The courtyard of the old County Hall has been similarly transformed. The old concrete roof grate in the centre of the court has been turned into a turf sculpture. Weight restrictions lead to some unorthodox use of polystyrene as subsoil and growth mats for vertical grass faces, but the final result is a kind of ziggurat of turf in a very hard and austere urban space.
Even in small suburban gardens the odd bit of land sculpting can work. Just 300mm changes in elevation can turn a flat lawn into a series of waves. When the crests are differentiated from the troughs by alternating species of grass, the effect can be exaggerated. Yorkshire Fog left to grow and flower can produce creamy waves that move with the wind and contrast with the smooth green planes of mown grass.

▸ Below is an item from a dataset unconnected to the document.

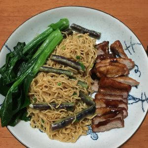放凉后,切成小片,将锅里的酱汁淋在叉烧上。然后煮一碗面条,豆角掐成小段烫熟,青菜烫熟。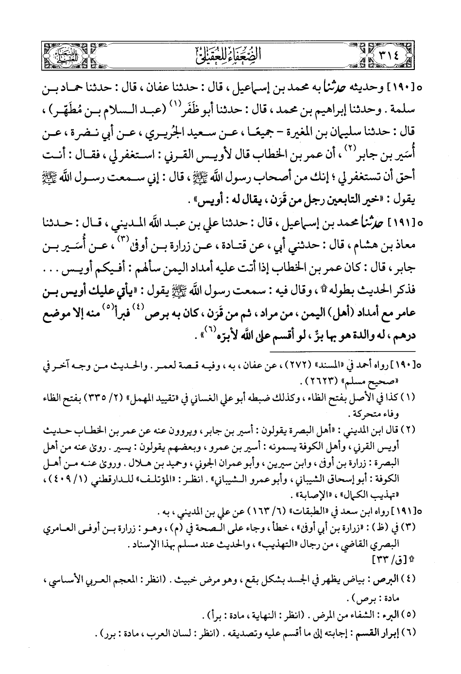 [191] (4) حدثنا محمد بن إسماعيل، قال: حدثنا علي بن عبد الله المديني، قال: حدثنا معاذ بن هشام، قال: حدثني أبي، عن قتادة، عن زرارة بن أوفى (5)، عن أُسَير بن جابر، قال: كان عمر بن الخطاب إذا أتت عليه أمداد اليمن سألهم: أفيكم أويس ... فذكر الحديث بطوله (6) ?، وقال فيه: سمعت رسول الله صلى الله عليه وسلمع يقول: «يأتي عليك أويس بن عامر مع أمداد (أهل) اليمن، من مراد، ثم من قَرَن، كان به برص (7) فبرأ (8) منه إلا موضع درهم، له والدة هو بها برٌّ، لو أقسم على الله لأبرّه (9)».

Sculpting the land is an ancient and very British tradition. It is one of the most dramatic and yet playful ways of designing in the landscape and enormous fun. The subtlety of the form, often hidden in flat light, can become tremendously powerful at dawn or dusk or in frost and low mist. Combined with different patterns of grasses, grazing or mowing, the scope for imaginative design will keep me absorbed for the rest of my life.